1. Bibliographic Information

1.1. Title

Interactive Recommendation Agent with Active User Commands

1.2. Authors

Jiakai Tang (Gaoling School of Artificial Intelligence, Renmin University of China), Yujie Luo, Xunke Xi, Fei Sun, Xueyang Feng, Sunhao Dai, Chao Yi, Dian Chen, Zhujin Gao, Yang Li, Xu Chen, Wen Chen, Jian Wu, Yuning Jiang, Bo Zheng (Alibaba Group).

1.3. Journal/Conference

Published at (UTC): 2025-09-25. The paper is available via arXiv. Based on the formatting and authors (Alibaba Group), this work represents significant industrial research likely targeted at top-tier information retrieval or data mining conferences (e.g., SIGIR, KDD, WWW).

1.4. Publication Year

2025

1.5. Abstract

This paper addresses the limitations of traditional recommender systems that rely on passive, implicit feedback (like clicks or views), which often leads to ambiguous interpretations of user intent.

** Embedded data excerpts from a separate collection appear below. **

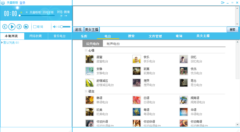 公共电台界面,心情类电台、语言类电台、年代、流派、地点。
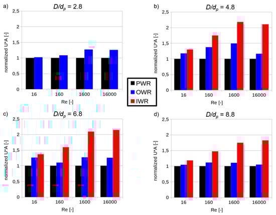 Similar results are found for = 6.8 in Figure 16c and for = 8.8 in Figure 16d. It should be noted that for the largest -ratio the improvement for PWR as well as for IWR is slightly reduced. This can be explained by the reduced importance of the near wall region with increasing tube diameter. For larger -ratios the heat transport in the center of the bed is getting more and more important and starts to dominate the performance. Since the local void fraction between the different tubes aligns to each other after approximately four particle diameters as shown in Figure 12, it can be expected that the UA values are equalized for much larger -ratios.
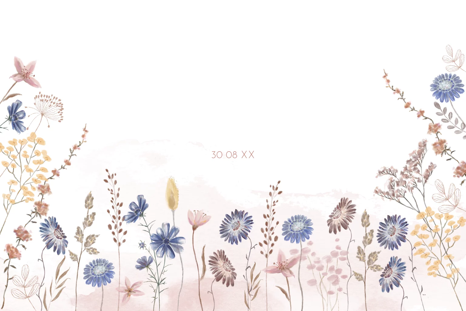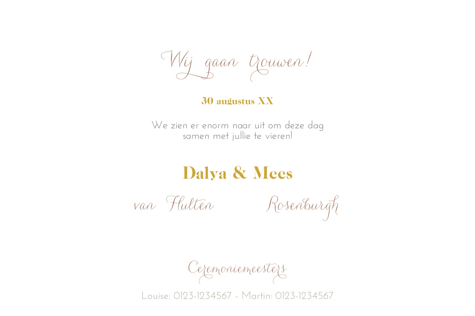 Een stijlvolle trouwkaart met waterverf illustraties van bloemen in bruine, roze en blauwe tinten en jullie namen in gouden foliedruk
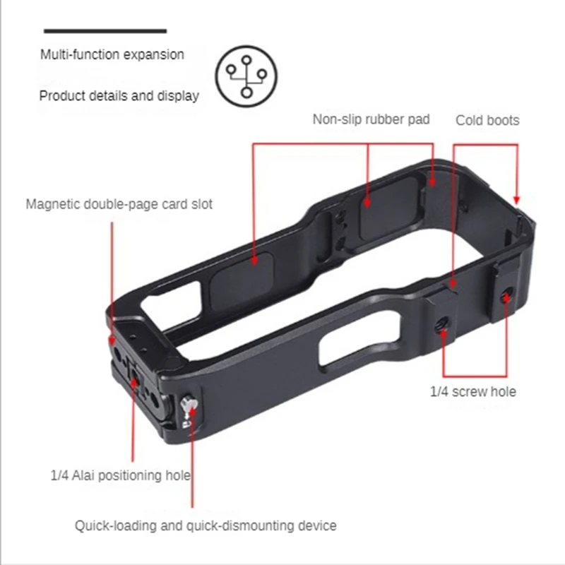 2. Apertura real del molde de la máquina, 1:1 apertura real del molde de la máquina, acabado CNC para crear un botón de cámara que no bloquee la cámara, interruptor de liberación rápida, una pulsación para desbloquear. Una ranura magnética para tarjetas de doble página se coloca en la parte inferior para ampliar los accesorios con tres ranuras para tarjetas.

The authors propose a new product paradigm called Interactive Recommendation Feed (IRF), allowing users to issue natural language commands (e.g., "I want a red dress, not blue") to actively control recommendations. To implement this, they developed RecBot, a dual-agent framework consisting of a Parser Agent (to understand intent) and a Planner Agent (to execute changes). The system uses simulation-augmented knowledge distillation to ensure it is fast enough for real-world use. Experiments show significant improvements in user satisfaction and business metrics (GMV, clicks) in both offline datasets and a live deployment on a major e-commerce platform.

1.6. Original Source Link

https://arxiv.org/abs/2509.21317 (Preprint)

2. Executive Summary

2.1. Background & Motivation

In the current digital landscape, Recommender Systems (RecSys) are the primary tools for filtering vast amounts of information for users (e.g., on YouTube, Amazon, TikTok).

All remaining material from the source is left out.